Lamentablemente, la civilización moderna se rige por criterios de verdad. Los humanos normales pueden no ponerse de acuerdo acerca de cuál es la verdad, pero a nadie se le ocurre negar el valor de la verdad en sí misma ni creer que el mundo puede funcionar sin ella. A cualquier pelafustán de Copenhague le resulta evidente que falsear estadísticas, ocultar la realidad detrás de mitos y relatos y utilizar criterios falsos como válidos es causa inevitable de desastres. En la Argentina, no. En la Argentina pululan los periodistas militantes y hasta hay un aspirante a Premio Nobel de Matemáticas que sostenía hasta hace dos meses que la inflación era del 8%…
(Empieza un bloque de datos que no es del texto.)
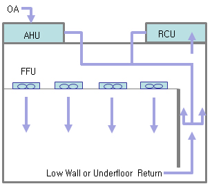 클린룸 천장에 HEPA 또는 ULPA 필터가 설치되고 리턴덕트 또는 공기순환유닛 내부에 가압용 축류팬이 설치되어 클린룸으로 청정한 공기를 밀어 넣어주는 방식이다.

También, en la reciente polémica sobre el número real de desaparecidos suscitada por las declaraciones de Darío Lopérfido, la cuestión de su verdad o falsedad ha sido completamente ignorada. Inoportuno. Desafortunado. Provocador. Agente de la CIA. Que Lopérfido haya dicho o no la verdad, ¿a quién le importa? Muchos de quienes saben perfectamente que el número de 30.000 desaparecidos fue una convención establecida en su momento, por razones más que atendibles pero fenecidas hace décadas, salieron a desinfectarse como si los hubiera picado el mosquito del zika. Al final, previsiblemente, descartado el criterio de verdad, la discusión se fue desmadrando y lo que quedó en cuestión no fue ya el número de desaparecidos, sino el derecho de Lopérfido a opinar sobre el tema; es decir: la libertad de opinión, el derecho a decir lo que uno considere la verdad sin ser linchado.
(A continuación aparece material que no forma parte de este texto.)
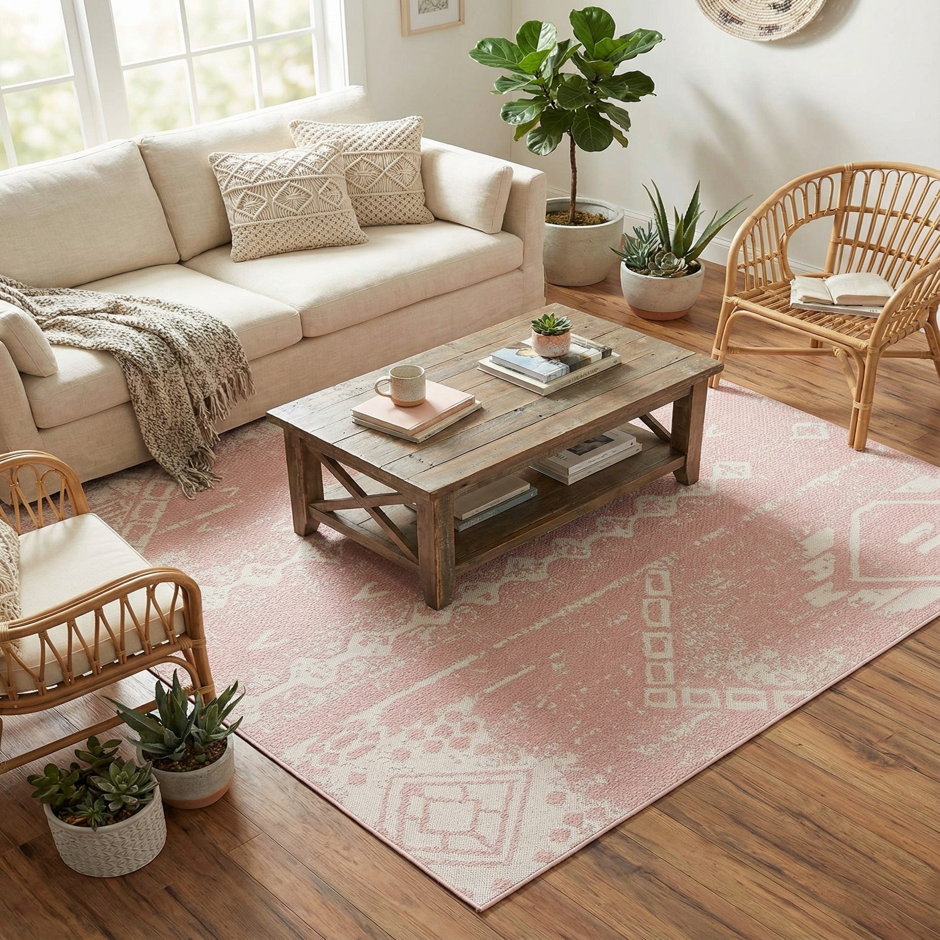 From the Outdoor Bohemian collection, this 7 Ft Square rug presents a playful yet sophisticated design that complements a variety of outdoor and indoor settings. It features a soft pink background highlighted by ivory accents, creating a charming pattern reminiscent of traditional craftsmanship. The polypropylene material ensures durability and a flatweave construction offers a smooth, practical surface.

¿La verdad? La verdad es que de la verdad aquí a nadie le importa nada. No lo digo por maldad, sino de preocupado. Preocupado porque quienes acabamos de comprobar los dramáticos efectos de la mentira sobre la realidad sigamos subestimando el valor de ser veraces. Preocupado porque inevitablemente, fatalmente, la cuestión de la verdad vuelve a tomar el centro del debate político argentino. ¿Debe el Presidente decir la verdad sobre la herencia recibida? ¿Es necesario mencionar en el discurso de inauguración del año legislativo que la emisión monetaria ha sido descontrolada, que el déficit fiscal es insostenible, que la infraestructura se cae a pedazos, que las cuentas de muchas provincias vuelven a teñirse del color de la sangre, que no tenemos petróleo, ni luz, ni gas; que en cada oficina pública se ha encontrado un agujero negro de corrupción e ineficiencia, que la pobreza es más alta que en los 90, que 16 millones de argentinos en edad laboral no trabajan?
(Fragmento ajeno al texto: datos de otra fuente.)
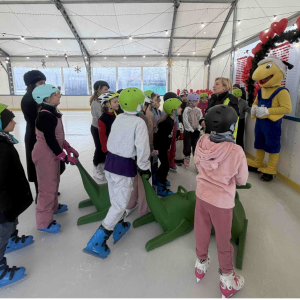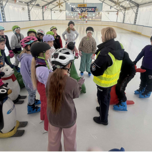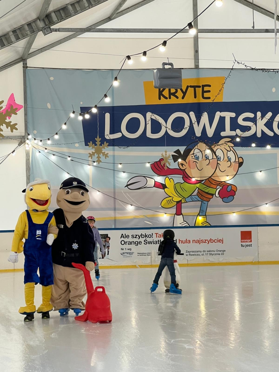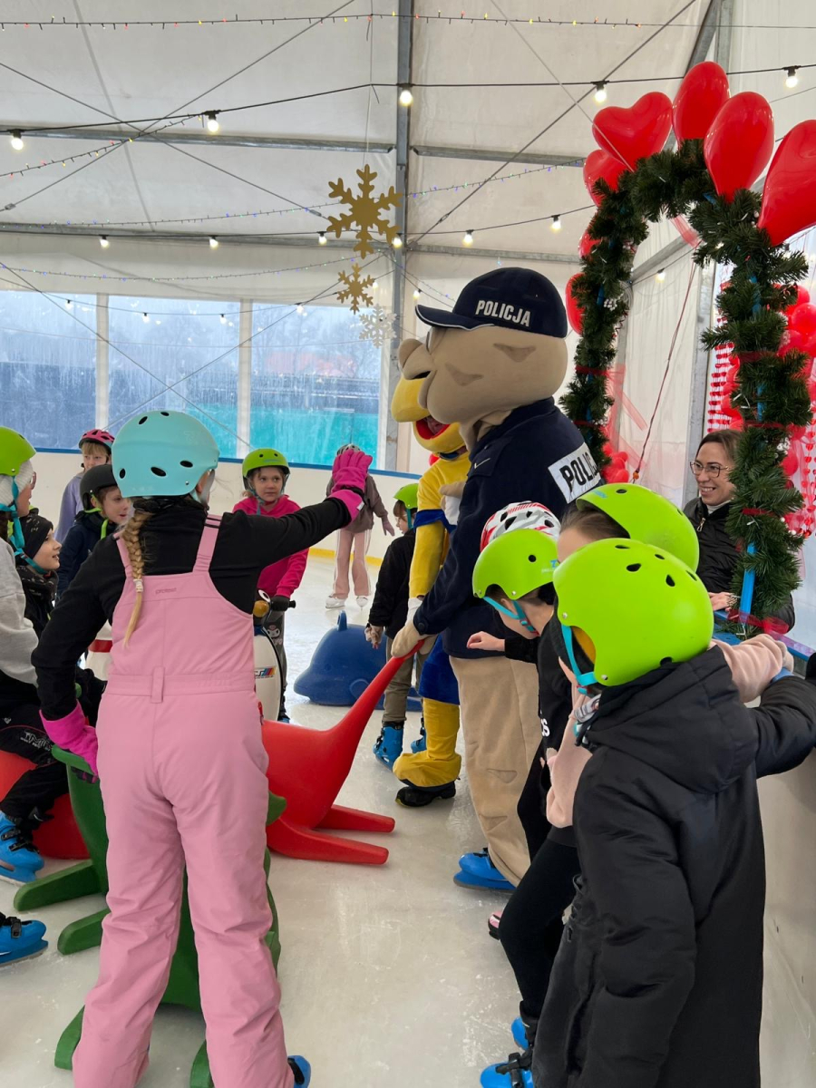 Uczniowie klasy 3b wzięli udział w wyjątkowym wydarzeniu profilaktycznym zorganizowanym przez funkcjonariuszy Komendy Powiatowej Policji w Rawiczu. Główną bohaterką spotkania była maskotka wielkopolskiej policji – Sierżant Pyrek, która tym razem zaprezentowała się w niecodziennej odsłonie, jeżdżąc na lodzie.Podczas wydarzenia dzieci w przystępny i atrakcyjny sposób poznawały zasady bezpiecznego poruszania się po śliskiej nawierzchni, odpowiedzialnego korzystania z zimowych atrakcji oraz dowiedziały się, jakich zachowań należy unikać podczas zimowego wypoczynku. Uczniowie mieli możliwość zadawania pytań oraz uczestniczenia w krótkich ćwiczeniach edukacyjnych.W działania promujące bezpieczeństwo włączyła się także firma PSB Mrówka Rawicz, której maskotka aktywnie wspierała akcję. Wspólnie z Sierżantem Pyrkiem rozdawała dzieciom odblaski, podkreślając ich ogromne znaczenie dla widoczności i bezpieczeństwa na drodze, szczególnie w okresie zimowym.

Nadie peca de ingenuo. Todos sabemos cómo son las cosas. Si el Gobierno logra hacer aterrizar la economía sin grandes costos sociales y llega a las elecciones de 2017 con el país en fase de despegue, el 80% de la población que no lee diarios ni ve programas políticos votará mayoritariamente por la continuidad de Cambiemos. Y el 20% que se interesa en política y sabe del estado calamitoso en que el kirchnerismo dejó el país, también; con mejores razones. El argumento vale también del otro lado: si la recesión se transformara en depresión, o la crisis en catástrofe, el beneficio de inventario del presidente Macri sería tan útil para impedir el incendio como un ventilador para refrescar el Sahara. ¿Para qué dar malas noticias, entonces, si las encuestas dicen que la luna de miel sigue y la popularidad presidencial anda por el 70%?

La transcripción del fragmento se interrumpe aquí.